Seeking the Artistry in Research
Jefferson’s Research as Art Competition celebrates all Jefferson faculty, students, and staff who have an eye for the beauty in their research or scholarship. For this year’s competition, judges selected a winner from two categories: life under the microscope, reflecting cellular and molecular work as well as conceptual art that shows renderings of research observations, experiences and concepts in various media. They judged each piece based on aesthetic quality, meaning, and originality.
We had 40 researchers and scholars submit nearly 60 entries with representation from disciplines ranging from neuroscience to architecture, engineering to art therapy, and pathology to art therapy. Each of the works depict the aesthetic aspects of academic study that often go underappreciated. The images also do something that is rare in research: they invite the novice, the uninitiated, to interact with the topic, to bring their own experiences to bear in the interpretation and appreciation of research art.
(Top-image credit, left to right: Lyn Godley, Savannah Patterson, Alison DePew)
"Little Brain of the Heart"
By interweaving anatomical, molecular, and imaging data we’ve created the first 3D atlas of the intracardiac nervous system (ICN), otherwise referred to as the heart’s “little brain”. The ICN (shown in yellow) is the hearts very own nervous system that has the ability to function independently of the brain. We know it is essential in supporting heart health, but its exact roles are still not completely clear. This ground breaking work bridges the gap between neurology, cardiology, and researchers alike to address questions in a way that were never possible before.

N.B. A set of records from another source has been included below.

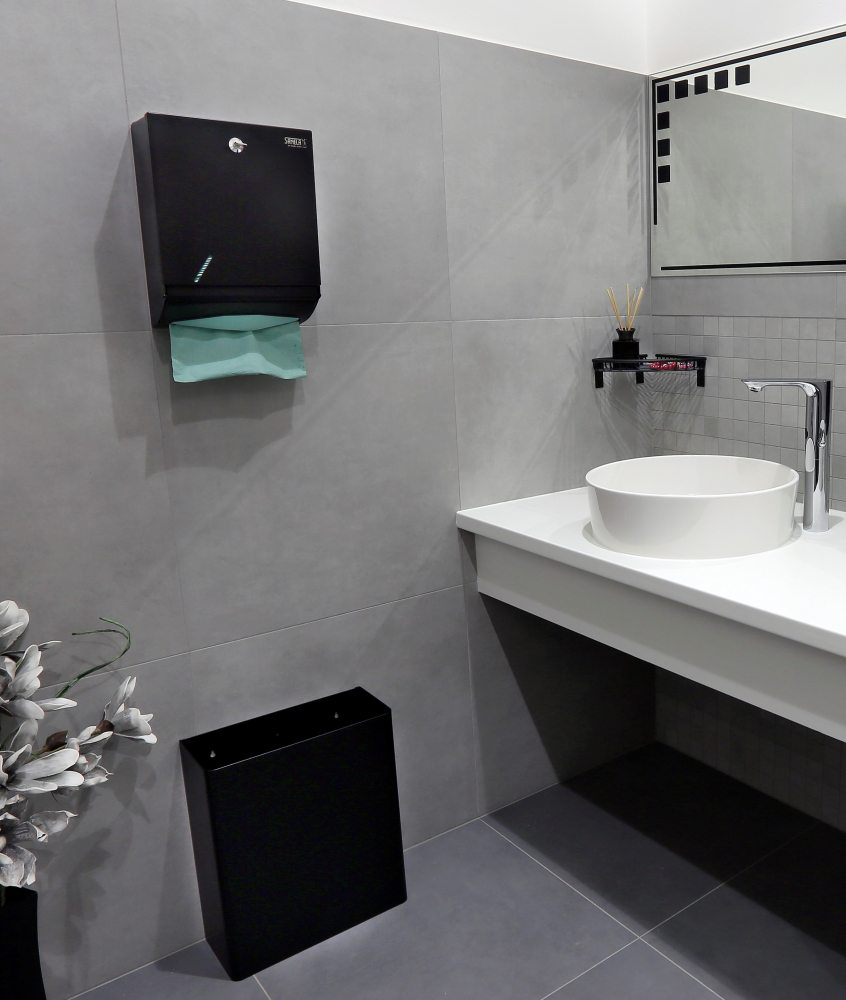 Nu kan du købe og forskønne dit projekt med den sorte affaldsspand SLZN 23V, toiletpapirholderen SLZN 37V og papirhåndklæde-dispenseren SLZN 20V. Alt er fremstillet af rustfrit stål i høj kvalitet.
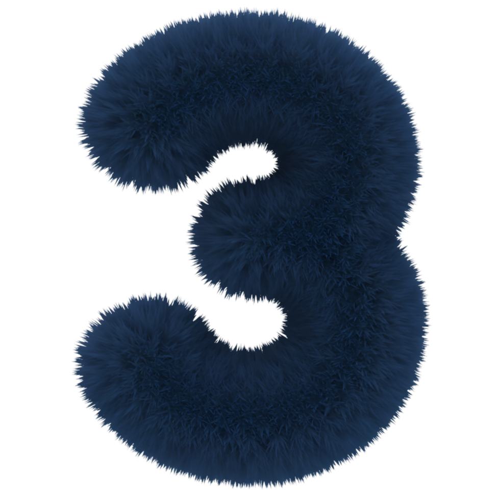 A fluffy navy blue number three against a plain setting adding a whimsical touch to typography art on transparent background png
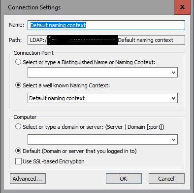 - Right click on ADSI Edit and select “Connect to…”. Choose “Default Naming Context” and click OK.
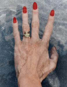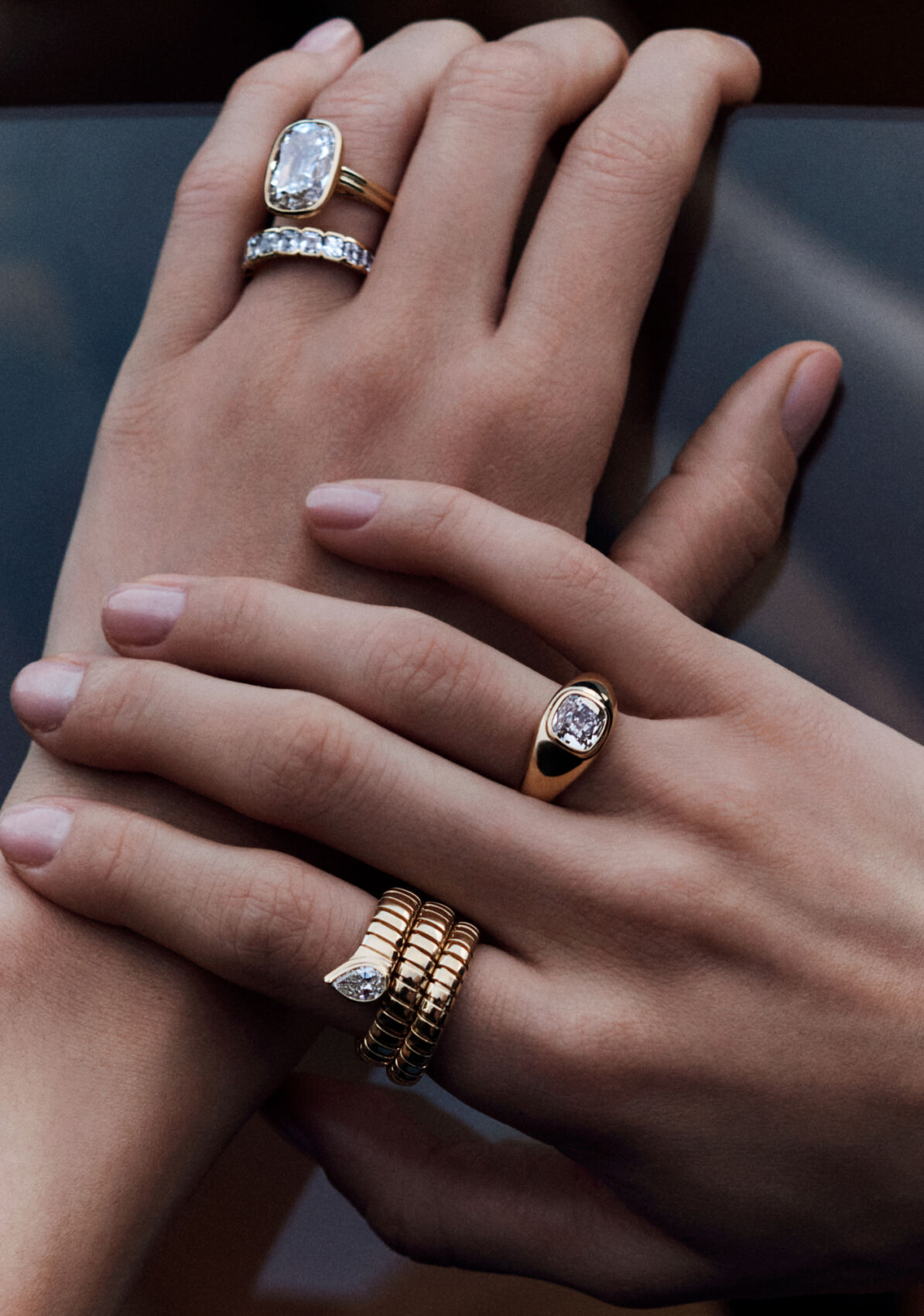 A person with dark hair holds a hand over one eye, showcasing elegant jewelry. A large diamond ring adorns their finger, while a sophisticated bracelet wraps around the wrist. The nails are polished in a neutral tone. The lighting creates a dramatic contrast, emphasizing the smooth texture of the skin and the sparkling jewels.
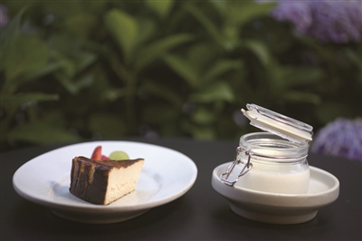 再就是甜品中的蓝纹芝士巴斯克了,蓝纹芝士本身是有点臭臭的,用来做巴斯克,因为用量少,既看不到那独特的蓝色纹理,臭味也很淡了,只是那咸咸的味道不容忽视,提醒你这不是普通的芝士蛋糕。

Gabrielle Santulli, Amy Szajna, Laura Moyer
"Depression in the Postpartum Period: Exploring a Brief Behavioral Activation Intervention"
The Stratton Foundation provided the Jefferson College of Nursing with a gift that funded faculty-led health services research pilot projects. To improve research literacy and community engagement, nurse scientists were partnered with Kanbar College of Design and Engineering, MS Health Communication Design students and alumni. Combining research and art resulted in an engaging artistic poster that brings awareness of postpartum depression to new moms in India which is often not acknowledged. Inspired by traditional Indian folk-art and embroidery, the design informs struggling new moms about the importance of mental wellness and communicating with family and healthcare providers.
This Year's Judges
Megan Voeller (they/she) is Director of Humanities at Thomas Jefferson University in Center City, where they develop programs that infuse the arts and humanities into health professions education. Previously, Megan was a curator at the USF Contemporary Art Museum. They hold degrees in art, art history and media studies.
Lucy Reading-Ikkanda (she/her) is the graphic designer for the Simons Foundation where she produces explanatory diagrams to illuminate the work of computational research scientists. A graduate of the UC Santa Cruz Scientific Illustration Program, Lucy has worked as an art director for Scientific American, art director for The Scientist, and graphics editor for Quanta Magazine.